Figure 2 presents three examples for such interactions incorporated via H5P in the two math videos for the topic 7 introduction to complex numbers and their application to describe oscillations. The first task (left part of Figure 2) ask the students to find the conjunct complex number z^* to a given complex number z and than to calculate the product zz^*. If the students get the correct result, which is nothing else than the square of the absolute value of z, they may choose “Go on” and the video continues or they click on the button (+) to receive a detailed explanation on how to calculate the requested product. The second task (right part of Figure 2) presents a drag and drop selection in which the students shall assign sine and cosine functions representing real harmonic mechanical oscillations to its complex notation using the complex exponential function.

Figure 2

Figure 2. Examples for work assignments with further information incorporated via H5P into the videos for the introduction of complex numbers. (Left) An open task. Initially, the correct solution is hidden. It pops up after clickin on the + button. (Right) Drag-and drop task with implemented solution checks.

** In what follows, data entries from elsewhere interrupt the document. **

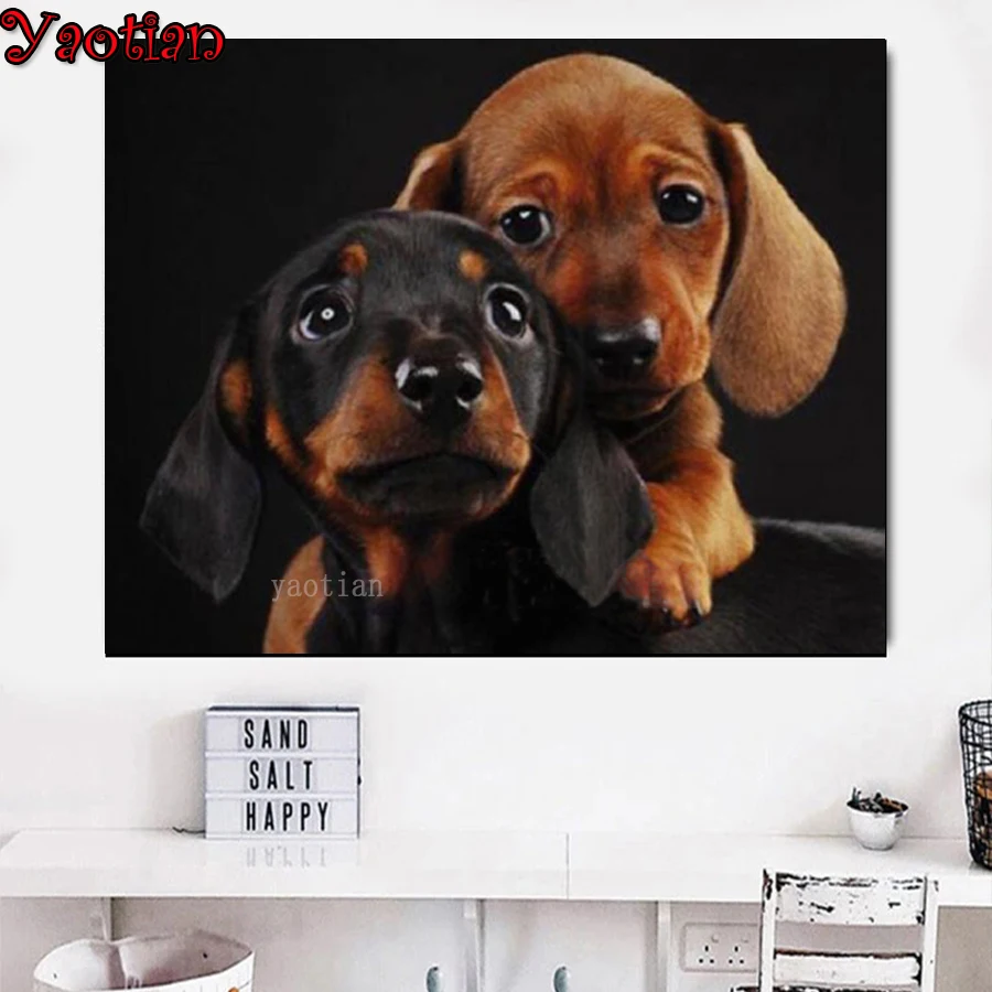Такса милая собака 5D полная квадратная круглая дрель Алмазная вышивка алмазная живопись набор крестиков мозаичное украшение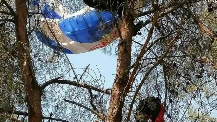 Manisa'da amatör paraşütçü ağaca asılı kaldı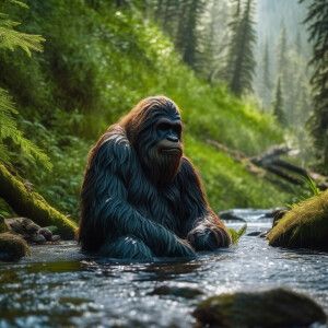 «Sasquatch relaxing in a forest creek as it bathes, surrounded by...»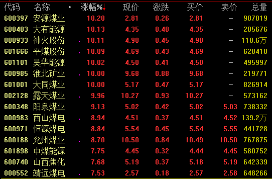 煤炭板块今日盘中大幅拉升走强,截至收盘,安源煤业、大有能源、神火股份、平煤股份、昊华能源、淮北矿业、大同煤业、露天煤业等涨停。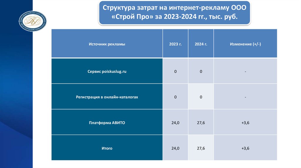 Структура затрат на интернет-рекламу ООО«Строй Про» за 2023-2024 гг., тыс. руб.

Especially the interactive tasks challenge learners to think along and proverbially interact with the video. Individual feedback shows learners their level of learning and proposes a path how to continue the learning with the video. E.g., solving a task can always be repeated, alternative explanations in text form may be provided or a different mathematical presentation of the same content or law is presented. For each correctly solved task the students receive a certain number of points. These points are summed up and their total number is presented as individual feedback to the student at end of the video. Thus, these type of video interactions serve also as first formative tests. They provide the students an immediate feedback to their short-term learning success.

3.2 Formative tests

Still during the first self-study phase for each topic but after watching and working through the corresponding two interactive videos the students may perform additional formative tests. In order to motivate the students to work on the tasks, we have designed varied gamified and interactive environments using the H5P modules Interactive Presentations and Game Map (Manzano-León et al., 2021; Ariffin et al., 2022). The tasks are always based on the main content of the videos. The tests require students to apply the mathematics just learned in simple examples and are intended to prepare them for tasks during the upcoming face-to-face seminars (Kim et al., 2014).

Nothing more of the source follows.